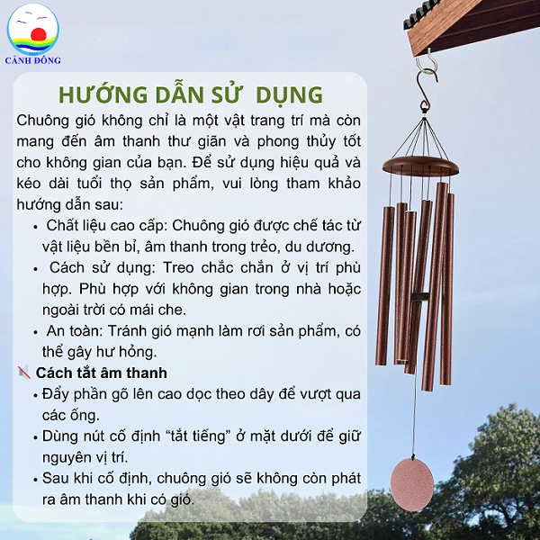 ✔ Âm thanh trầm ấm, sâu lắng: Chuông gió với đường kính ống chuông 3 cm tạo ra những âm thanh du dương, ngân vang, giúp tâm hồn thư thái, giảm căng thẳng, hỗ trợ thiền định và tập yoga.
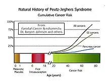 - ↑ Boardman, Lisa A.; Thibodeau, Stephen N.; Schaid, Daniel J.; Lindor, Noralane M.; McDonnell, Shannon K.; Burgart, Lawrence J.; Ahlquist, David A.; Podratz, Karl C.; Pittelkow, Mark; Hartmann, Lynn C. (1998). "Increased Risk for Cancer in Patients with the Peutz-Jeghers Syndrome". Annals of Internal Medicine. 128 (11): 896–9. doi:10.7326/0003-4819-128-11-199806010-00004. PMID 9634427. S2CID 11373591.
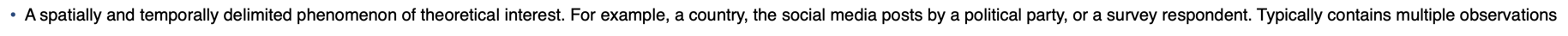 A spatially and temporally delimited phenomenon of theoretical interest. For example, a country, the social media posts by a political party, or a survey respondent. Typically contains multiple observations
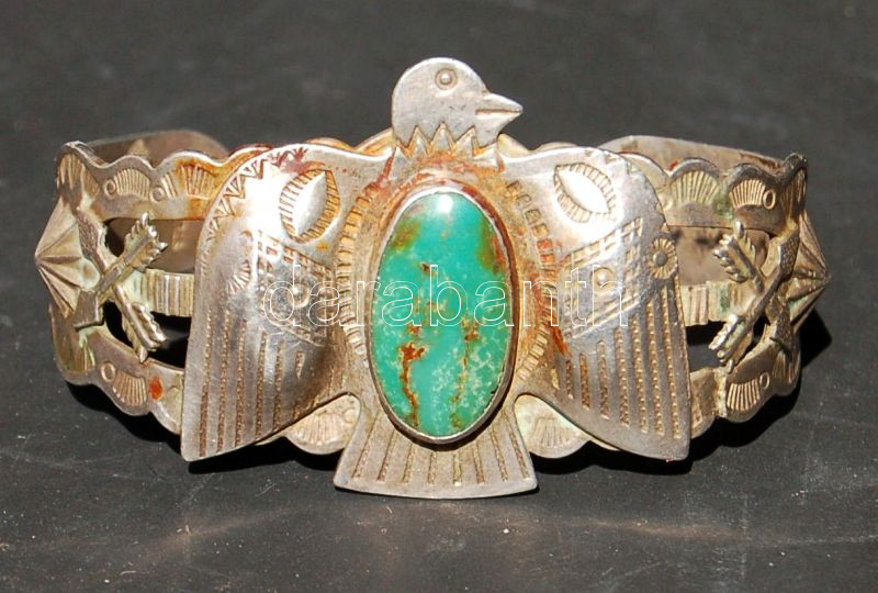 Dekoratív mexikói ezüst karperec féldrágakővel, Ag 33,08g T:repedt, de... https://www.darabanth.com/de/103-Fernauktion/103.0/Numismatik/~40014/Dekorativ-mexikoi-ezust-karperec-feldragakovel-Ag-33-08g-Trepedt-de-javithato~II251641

━━━━━━━━━━━━━━━━━━━━━━━━━━━━━━

BRIEF — An exact copy is needed of the lines from the start of the listing through the line with "- ↑ Boardman, Lisa", both end lines included and pictures excluded.

RESPONSE TO THIS TASK —
 ✔ Âm thanh trầm ấm, sâu lắng: Chuông gió với đường kính ống chuông 3 cm tạo ra những âm thanh du dương, ngân vang, giúp tâm hồn thư thái, giảm căng thẳng, hỗ trợ thiền định và tập yoga.
 - ↑ Boardman, Lisa A.; Thibodeau, Stephen N.; Schaid, Daniel J.; Lindor, Noralane M.; McDonnell, Shannon K.; Burgart, Lawrence J.; Ahlquist, David A.; Podratz, Karl C.; Pittelkow, Mark; Hartmann, Lynn C. (1998). "Increased Risk for Cancer in Patients with the Peutz-Jeghers Syndrome". Annals of Internal Medicine. 128 (11): 896–9. doi:10.7326/0003-4819-128-11-199806010-00004. PMID 9634427. S2CID 11373591.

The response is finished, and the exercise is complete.